Seu corpo todo se congelou de uma maneira que ela jamais tinha presenciado. Ele levantou os olhos e o viu ali, e aquilo parecia uma alucinação poderosa. Ele estava usando a mesma roupa com a qual ela o havia visto no aeroporto. Robin estava sério, e pelo semblante, podia-se sentir a raiva que queimava por dentro daquele colete de couro cru.
“Responda.”
A voz dele a arrepiava. Regina ainda estava paralisada pela presença dele. Robin aproximou-se dela, pegando o celular dela de cima da mesa, enquanto ela apenas o seguia com o olhar incrédulo. Ele estava ali. Ele não tinha ido viajar? Provavelmente viera se despedir dela.
“Porque” A voz dele sibilou aveludada de ódio, balançando o aparelho na frente dela. “você está ignorando minhas ligações? Porque não atende essa porra, me diz?”
Regina respirou fundo, a garganta ainda seca.
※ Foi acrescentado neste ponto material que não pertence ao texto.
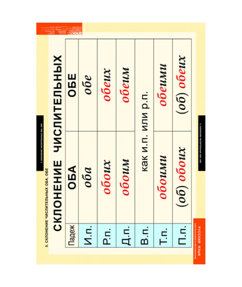 - Склонение числительных оба, обе. Морфологический разбор имени числительного.
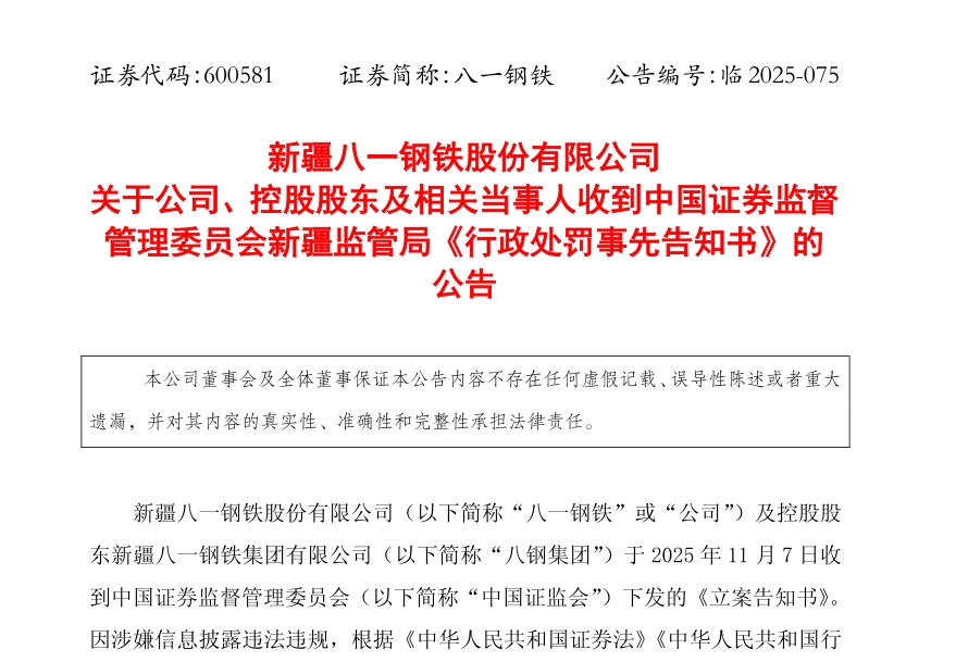 具体来看,八一钢铁因未按规定披露关联交易事项被罚。经查明,2022年至2024年期间,八一钢铁与八钢集团及其关联方发生多笔非经营性资金往来关联交易,累计金额超百亿元。根据《中华人民共和国证券法》相关规定,上述关联交易属于应当及时披露并纳入定期报告的内容。然而,八一钢铁既未及时履行信息披露义务,也未在《2022年年度报告》《2023年年度报告》和《2024年年度报告》中予以披露,导致定期报告存在重大遗漏,构成信息披露违法。
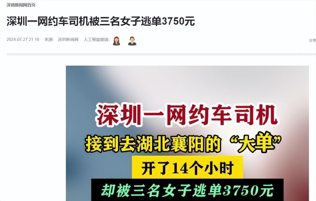 深圳一網約車司機被三名女子逃單3750元2024-07-27 21:18來源: 深圳新聞網】
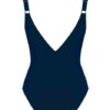 Kostium kąpielowy damski jednoczęściowy BEZ fiszbin granatowo turkusowy. Wygodny i stylowy strój kąpielowy damski jednoczęściowy idealny i na basen i na plażę. Miseczki są usztywnione, ale bez fiszbin, gwarantują więc komfort noszenia i wygodę. Kostium kąpielowy na ramiączkach. Szerokie ramiączka z regulacją. Tył kostiumu jednolity.
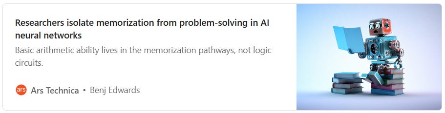 The following link slipped through my list last week. Researchers managed to remove memory from AI models, isolating pure reasoning. This is useful when you want to process input without memory data influencing it.
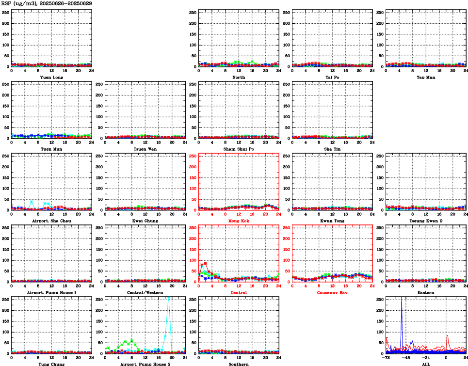 | Air Quality Data Time Series for RSP (2025/06/29) | ( Line colors: Day -3 Day -2 Day -1 Current day ) | 2D Map Current AQHI |
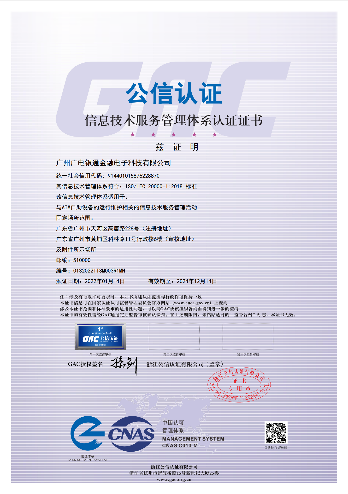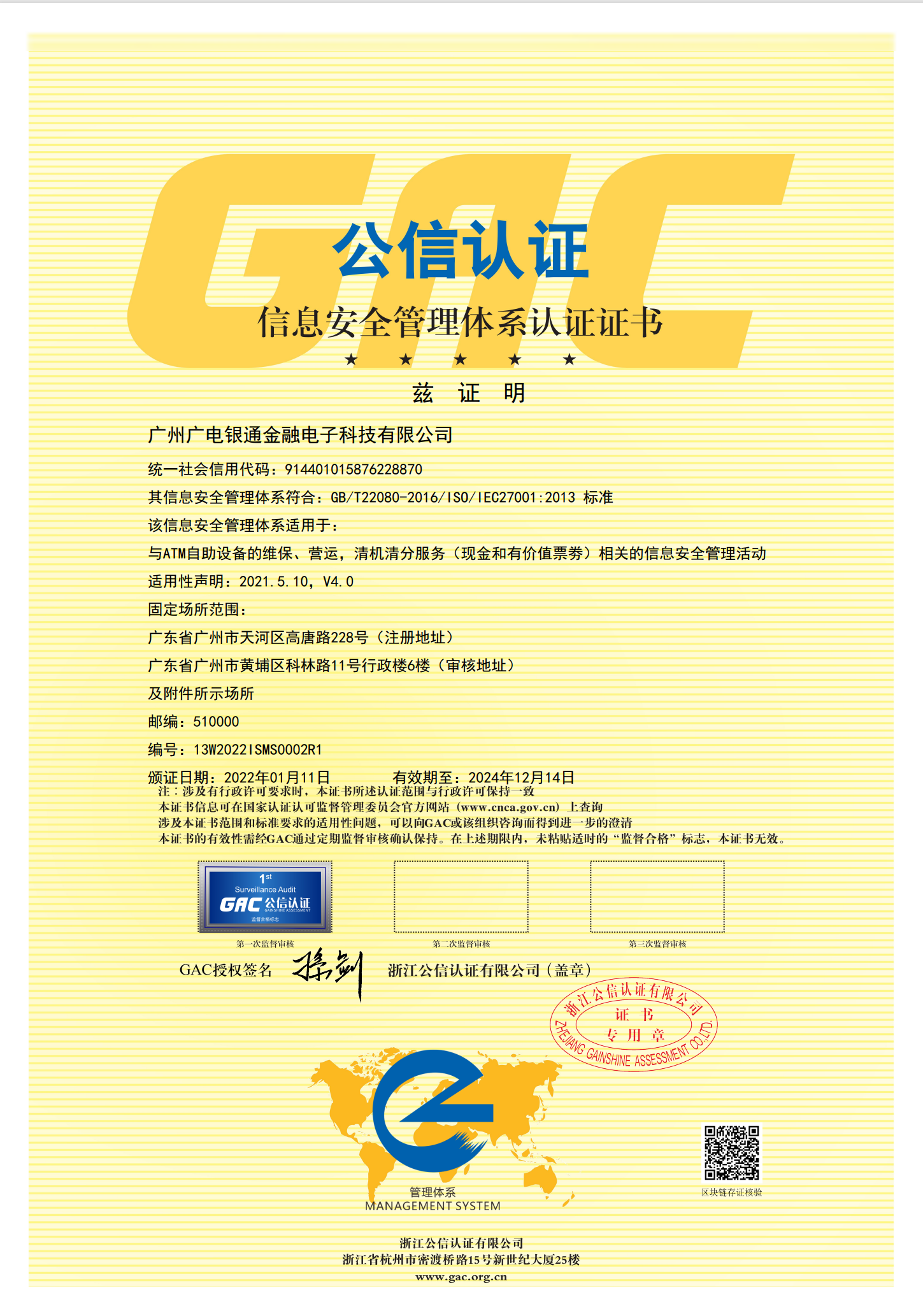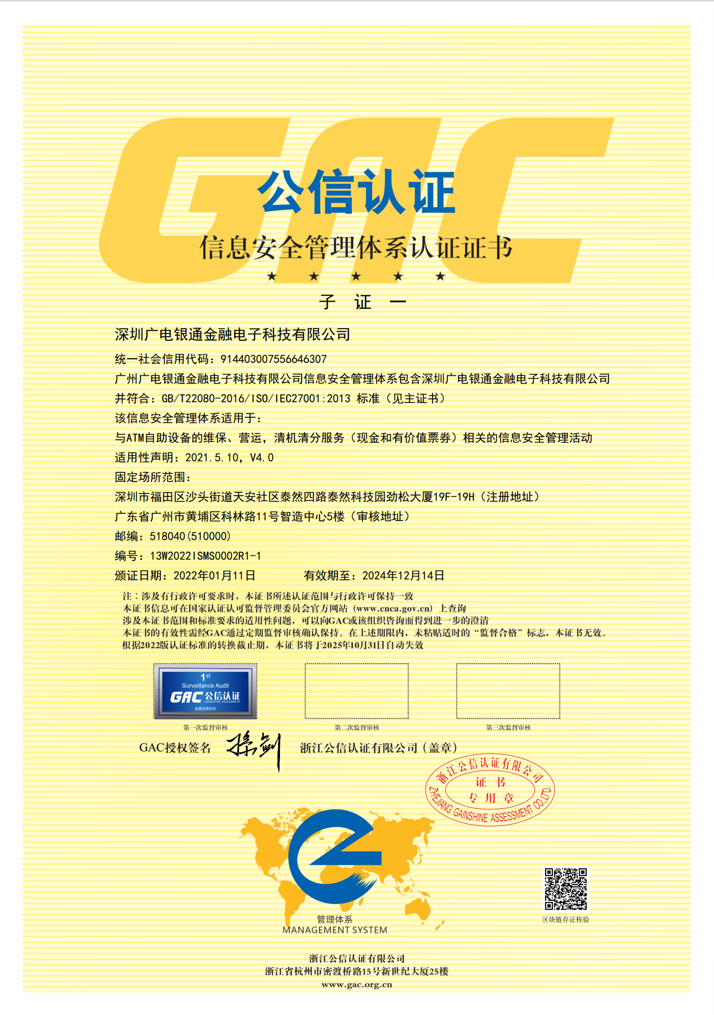 深圳銀通信息安全管理體系認(rèn)證證書2023

Era difícil respirar, principalmente quando a proximidade com ele fazia com que a garganta rangesse como se estivesse cheia de areia. Ele levantou-se e andou até ele. Porque você é um covarde que enfiou o pau na sua ex-mulher. Porque ia embora sem me dizer sequer tchau. Ela mordeu o lábio inferior.
Ele sorriu incrédulo.
“Não morda essa porra de lábio perto de mim.”
“Então saia.”
“Eu não vou sair.”
“Devolva meu telefone.”
“Pra quê? Você não atende essa merda mesmo. Ou é porque quer mandar alguma mensagem para o Graham? Ele vai preparar a cama para vocês?”
Graham? Do que ele estava falando?
“Meu telefone, Locksley.”
Ele sentiu o gelo por trás daquele uso incomum de seu sobrenome. Não. Ele não ia permitir.
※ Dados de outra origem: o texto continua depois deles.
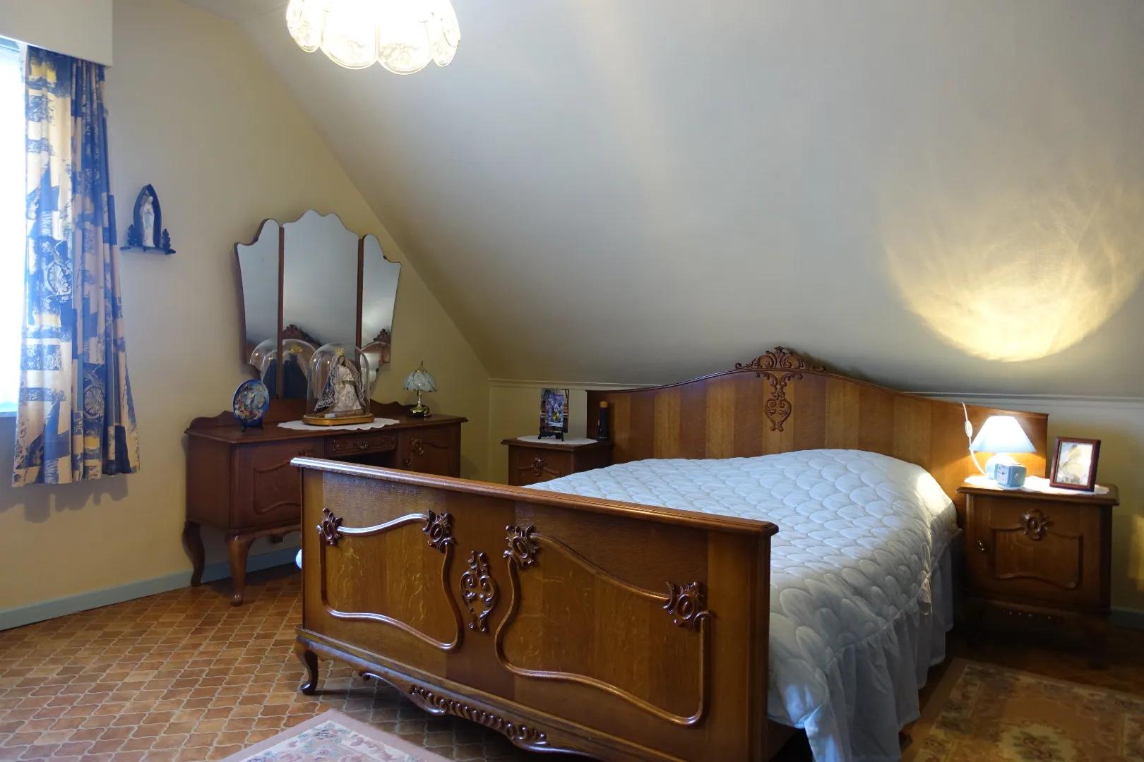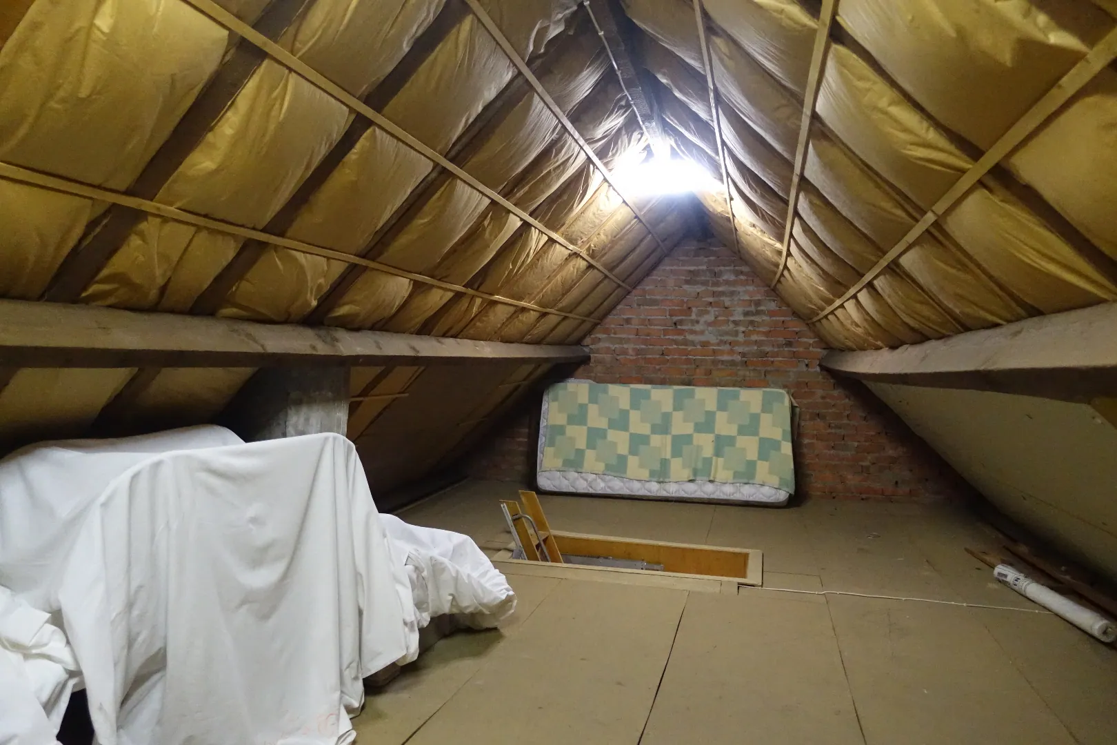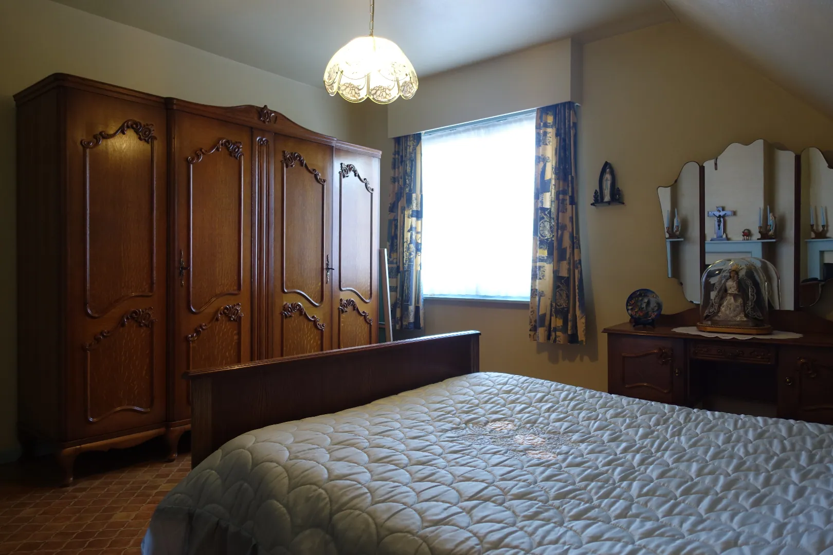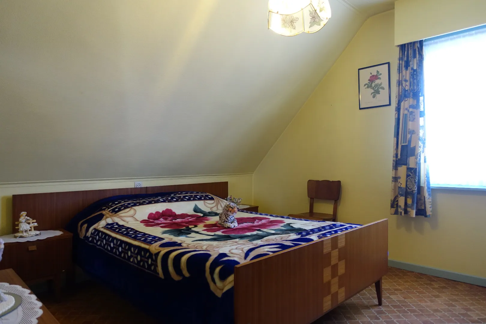 De centrale inkomhal, een grote polyvalente voorplaats, de grote leefkeuken, de lichtrijke eetplaats, een gezellige zithoek, de badkamer met toilet, een veranda met toegang tot de tuin en de aangebouwde garage/bergplaats. De 1ste verdieping wordt ingedeeld in een ruime nachthal die toegang biedt tot 4 volwaardige, grote slaapkamers. De zolder is toegankelijk via een luik en biedt extra bergplaats.

Chacoalhando o aparelho no ar, ele sorriu amargamente para ela. “É essa merda que você quer?”
“É.”
Robin jogou-o contra a parede, violentamente. O barulho resultante do impacto foi alto o suficiente para ambos saberem que era um caso perdido. Estava definitivamente moído, destruído, aos pedaços. Regina observou-o com desprezo, olhando para o que restava do seu aparelho no chão.
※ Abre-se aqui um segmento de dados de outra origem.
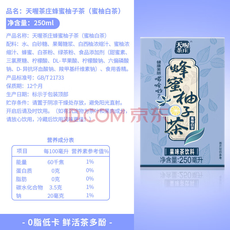 商品名称:天喔 蜂蜜柚子茶蜜柚白茶250ml*16整箱装年货礼盒果味饮品凉茶饮料
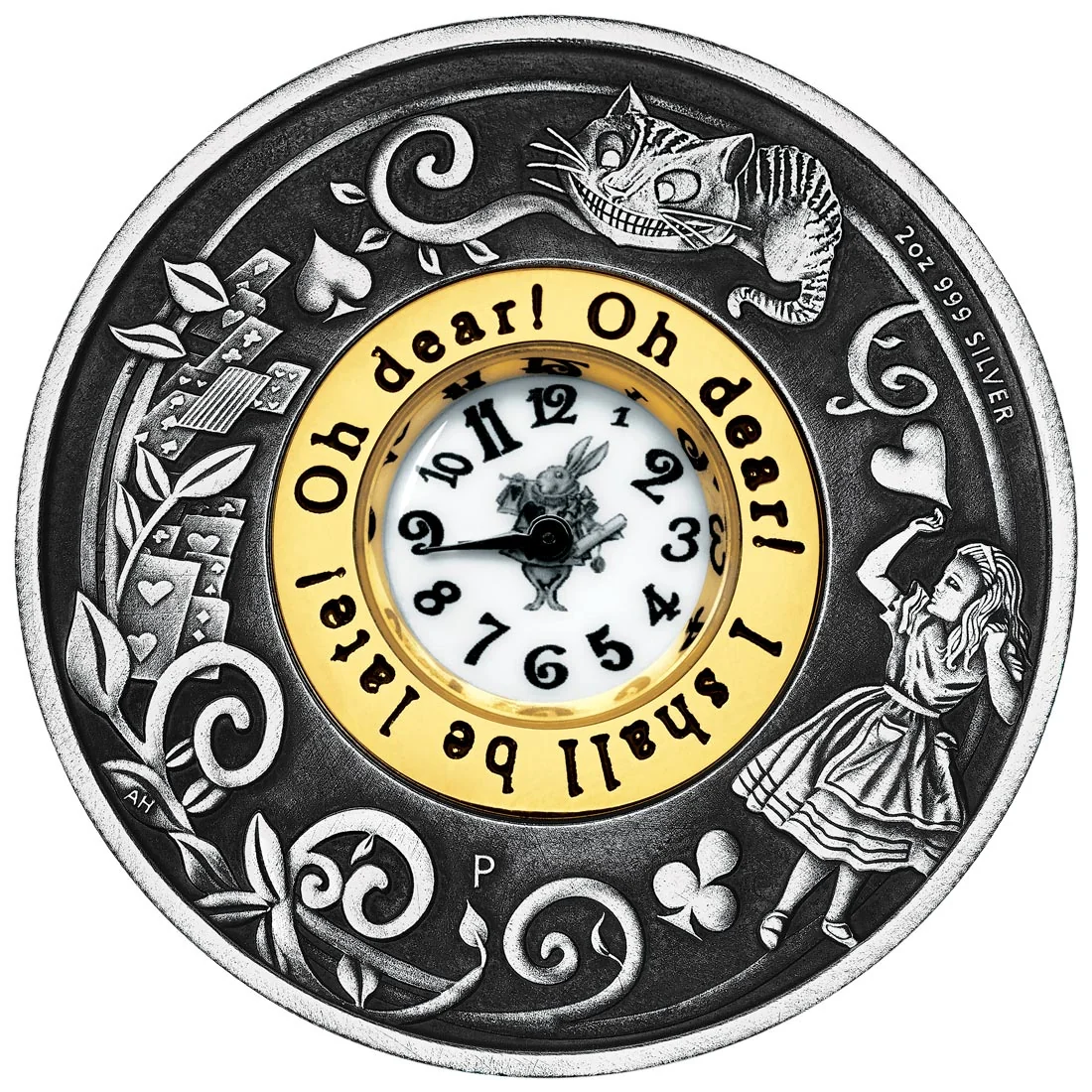 A clock with the White Rabbit on its face, surrounded by Alice, the Cheshire Cat, and playing cards.

“Muito a sua cara, Locksley. Típico de um homem que veio do meio do mato.”
“Cale a boca.”
“Cale a boca você seu fazendeiro de merda nenhuma.”
Robin segurou-a pelo maxilar com apenas uma mão, puxando-a para perto.
“Pare de me provocar. Eu já conheço os seus truques. Você é uma mentirosa, Regina. Uma manipuladora.”
Aquilo era demais.
“Manipuladora? Mentirosa? Quem é você para falar de mim seu ladrãozinho de meia tigela?!”
Regina estendeu a mão e mirou-a contra o rosto de Robin. Porém, ele estava preparado para o ataque e com um movimento rápido e certeiro, conseguiu segurar a mão dela, imobilizando-a e puxando contra si com força. Ele usou tanta força que Regina chocou-se contra ele, perdendo o ar. Ele a mantinha presa contra ele segurando-a pelos dois pulsos agora, e eles estavam tão próximos que ela conseguia sentir o perfume dele invadindo-a. Poucos centímetros os separavam e pela maneira que o olhar dele caiu sobre os lábios dela, ela soube que ela precisava se distanciar ou eles iam acabar transando ali mesmo.
“Me solta, Robin.”
“Ah, agora eu sou Robin?”
“Escuta aqui”
“Escuta aqui você. Nós vamos conversar. E vai ser agora.”